**Available data**

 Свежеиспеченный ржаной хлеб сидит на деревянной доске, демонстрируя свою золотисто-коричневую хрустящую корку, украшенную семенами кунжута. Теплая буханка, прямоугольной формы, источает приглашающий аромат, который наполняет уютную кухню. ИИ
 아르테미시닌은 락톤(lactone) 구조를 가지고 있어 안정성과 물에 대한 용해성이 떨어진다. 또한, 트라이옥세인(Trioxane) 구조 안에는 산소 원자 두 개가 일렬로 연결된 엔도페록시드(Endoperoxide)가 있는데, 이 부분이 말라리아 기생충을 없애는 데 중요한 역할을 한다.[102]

...

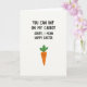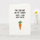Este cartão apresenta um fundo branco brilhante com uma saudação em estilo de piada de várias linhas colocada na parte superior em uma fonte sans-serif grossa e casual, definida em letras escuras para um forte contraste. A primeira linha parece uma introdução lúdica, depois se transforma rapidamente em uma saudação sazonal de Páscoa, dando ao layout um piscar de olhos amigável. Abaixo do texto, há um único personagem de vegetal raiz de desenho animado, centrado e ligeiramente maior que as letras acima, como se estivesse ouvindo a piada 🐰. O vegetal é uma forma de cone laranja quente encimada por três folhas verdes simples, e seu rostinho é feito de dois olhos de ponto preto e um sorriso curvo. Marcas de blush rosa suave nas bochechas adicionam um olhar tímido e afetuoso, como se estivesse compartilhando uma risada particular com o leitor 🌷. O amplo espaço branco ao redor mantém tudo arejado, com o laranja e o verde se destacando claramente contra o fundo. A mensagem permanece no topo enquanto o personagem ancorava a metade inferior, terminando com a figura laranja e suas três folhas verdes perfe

**Your objective**
Using the listing above, copy exactly the line that contains "Свежеиспеченный ржаной хлеб", the line that contains "아르테미시닌은 락톤(lactone) 구조를", and each line that falls between them.

**Answer section**
 Свежеиспеченный ржаной хлеб сидит на деревянной доске, демонстрируя свою золотисто-коричневую хрустящую корку, украшенную семенами кунжута. Теплая буханка, прямоугольной формы, источает приглашающий аромат, который наполняет уютную кухню. ИИ
 아르테미시닌은 락톤(lactone) 구조를 가지고 있어 안정성과 물에 대한 용해성이 떨어진다. 또한, 트라이옥세인(Trioxane) 구조 안에는 산소 원자 두 개가 일렬로 연결된 엔도페록시드(Endoperoxide)가 있는데, 이 부분이 말라리아 기생충을 없애는 데 중요한 역할을 한다.[102]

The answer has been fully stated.